Given records –
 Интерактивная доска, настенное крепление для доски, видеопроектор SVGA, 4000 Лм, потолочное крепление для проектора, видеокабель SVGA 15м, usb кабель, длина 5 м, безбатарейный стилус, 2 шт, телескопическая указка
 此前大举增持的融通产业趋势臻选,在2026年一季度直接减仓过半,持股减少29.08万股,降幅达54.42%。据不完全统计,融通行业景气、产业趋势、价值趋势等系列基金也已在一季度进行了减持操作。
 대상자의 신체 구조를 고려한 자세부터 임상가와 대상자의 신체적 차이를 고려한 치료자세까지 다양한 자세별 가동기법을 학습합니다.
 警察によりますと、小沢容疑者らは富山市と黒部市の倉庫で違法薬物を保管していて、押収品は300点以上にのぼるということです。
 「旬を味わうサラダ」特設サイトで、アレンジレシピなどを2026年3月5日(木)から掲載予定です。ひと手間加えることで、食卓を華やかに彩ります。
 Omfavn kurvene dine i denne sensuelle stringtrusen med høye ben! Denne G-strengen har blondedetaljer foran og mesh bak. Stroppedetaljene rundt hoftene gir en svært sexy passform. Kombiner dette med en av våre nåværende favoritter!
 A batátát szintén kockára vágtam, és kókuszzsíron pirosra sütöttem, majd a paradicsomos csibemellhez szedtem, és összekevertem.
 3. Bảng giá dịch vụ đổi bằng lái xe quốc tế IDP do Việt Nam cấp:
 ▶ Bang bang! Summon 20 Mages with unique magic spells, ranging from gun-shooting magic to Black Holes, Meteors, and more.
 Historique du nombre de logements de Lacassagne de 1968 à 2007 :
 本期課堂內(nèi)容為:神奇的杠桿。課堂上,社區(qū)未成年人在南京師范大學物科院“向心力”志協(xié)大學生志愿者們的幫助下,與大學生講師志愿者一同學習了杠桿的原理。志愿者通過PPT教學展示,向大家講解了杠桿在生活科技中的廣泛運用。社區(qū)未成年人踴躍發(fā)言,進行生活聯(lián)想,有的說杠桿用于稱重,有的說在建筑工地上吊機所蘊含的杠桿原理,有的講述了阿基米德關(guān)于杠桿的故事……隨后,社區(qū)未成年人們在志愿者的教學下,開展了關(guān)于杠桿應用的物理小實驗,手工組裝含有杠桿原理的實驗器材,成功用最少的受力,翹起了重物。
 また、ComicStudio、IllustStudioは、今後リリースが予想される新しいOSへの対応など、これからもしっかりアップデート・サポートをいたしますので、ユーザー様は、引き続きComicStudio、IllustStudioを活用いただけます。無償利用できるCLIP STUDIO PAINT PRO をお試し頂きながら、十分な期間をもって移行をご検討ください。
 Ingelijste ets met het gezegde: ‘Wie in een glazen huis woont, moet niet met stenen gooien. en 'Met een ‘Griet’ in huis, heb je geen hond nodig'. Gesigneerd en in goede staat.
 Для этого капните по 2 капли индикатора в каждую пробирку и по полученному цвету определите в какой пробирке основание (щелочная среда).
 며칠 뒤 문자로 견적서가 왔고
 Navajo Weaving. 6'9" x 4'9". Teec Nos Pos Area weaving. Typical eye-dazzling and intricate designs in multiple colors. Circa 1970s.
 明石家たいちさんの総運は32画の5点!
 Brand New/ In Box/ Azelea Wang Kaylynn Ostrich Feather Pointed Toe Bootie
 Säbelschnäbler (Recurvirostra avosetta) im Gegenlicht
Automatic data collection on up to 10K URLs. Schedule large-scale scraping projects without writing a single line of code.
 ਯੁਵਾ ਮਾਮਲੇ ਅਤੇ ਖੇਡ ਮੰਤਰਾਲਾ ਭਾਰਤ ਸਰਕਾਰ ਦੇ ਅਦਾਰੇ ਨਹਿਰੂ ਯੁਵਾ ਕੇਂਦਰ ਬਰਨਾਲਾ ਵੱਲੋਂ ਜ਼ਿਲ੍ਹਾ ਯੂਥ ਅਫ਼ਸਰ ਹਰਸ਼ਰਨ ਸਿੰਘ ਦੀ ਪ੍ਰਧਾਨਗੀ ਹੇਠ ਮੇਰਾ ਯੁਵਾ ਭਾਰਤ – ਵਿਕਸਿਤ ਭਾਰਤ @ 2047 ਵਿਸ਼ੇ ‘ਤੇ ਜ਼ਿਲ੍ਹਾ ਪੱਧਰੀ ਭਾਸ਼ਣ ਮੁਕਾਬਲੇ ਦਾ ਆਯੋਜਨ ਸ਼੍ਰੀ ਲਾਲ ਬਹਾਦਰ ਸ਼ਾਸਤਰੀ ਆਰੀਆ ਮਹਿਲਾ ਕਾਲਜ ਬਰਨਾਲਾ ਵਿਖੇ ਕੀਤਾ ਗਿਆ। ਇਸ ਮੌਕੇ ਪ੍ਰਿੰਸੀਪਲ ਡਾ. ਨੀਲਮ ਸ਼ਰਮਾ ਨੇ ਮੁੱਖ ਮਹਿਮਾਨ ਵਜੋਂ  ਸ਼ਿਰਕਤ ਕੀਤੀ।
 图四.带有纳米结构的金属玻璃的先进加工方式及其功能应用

Problem statement –
Your answer must be the lines from the one holding "Säbelschnäbler (Recurvirostra avosetta)" to the end of the listing above, exactly as written and nothing else.

Answer to this task –
 Säbelschnäbler (Recurvirostra avosetta) im Gegenlicht
Automatic data collection on up to 10K URLs. Schedule large-scale scraping projects without writing a single line of code.
 ਯੁਵਾ ਮਾਮਲੇ ਅਤੇ ਖੇਡ ਮੰਤਰਾਲਾ ਭਾਰਤ ਸਰਕਾਰ ਦੇ ਅਦਾਰੇ ਨਹਿਰੂ ਯੁਵਾ ਕੇਂਦਰ ਬਰਨਾਲਾ ਵੱਲੋਂ ਜ਼ਿਲ੍ਹਾ ਯੂਥ ਅਫ਼ਸਰ ਹਰਸ਼ਰਨ ਸਿੰਘ ਦੀ ਪ੍ਰਧਾਨਗੀ ਹੇਠ ਮੇਰਾ ਯੁਵਾ ਭਾਰਤ – ਵਿਕਸਿਤ ਭਾਰਤ @ 2047 ਵਿਸ਼ੇ ‘ਤੇ ਜ਼ਿਲ੍ਹਾ ਪੱਧਰੀ ਭਾਸ਼ਣ ਮੁਕਾਬਲੇ ਦਾ ਆਯੋਜਨ ਸ਼੍ਰੀ ਲਾਲ ਬਹਾਦਰ ਸ਼ਾਸਤਰੀ ਆਰੀਆ ਮਹਿਲਾ ਕਾਲਜ ਬਰਨਾਲਾ ਵਿਖੇ ਕੀਤਾ ਗਿਆ। ਇਸ ਮੌਕੇ ਪ੍ਰਿੰਸੀਪਲ ਡਾ. ਨੀਲਮ ਸ਼ਰਮਾ ਨੇ ਮੁੱਖ ਮਹਿਮਾਨ ਵਜੋਂ  ਸ਼ਿਰਕਤ ਕੀਤੀ।
 图四.带有纳米结构的金属玻璃的先进加工方式及其功能应用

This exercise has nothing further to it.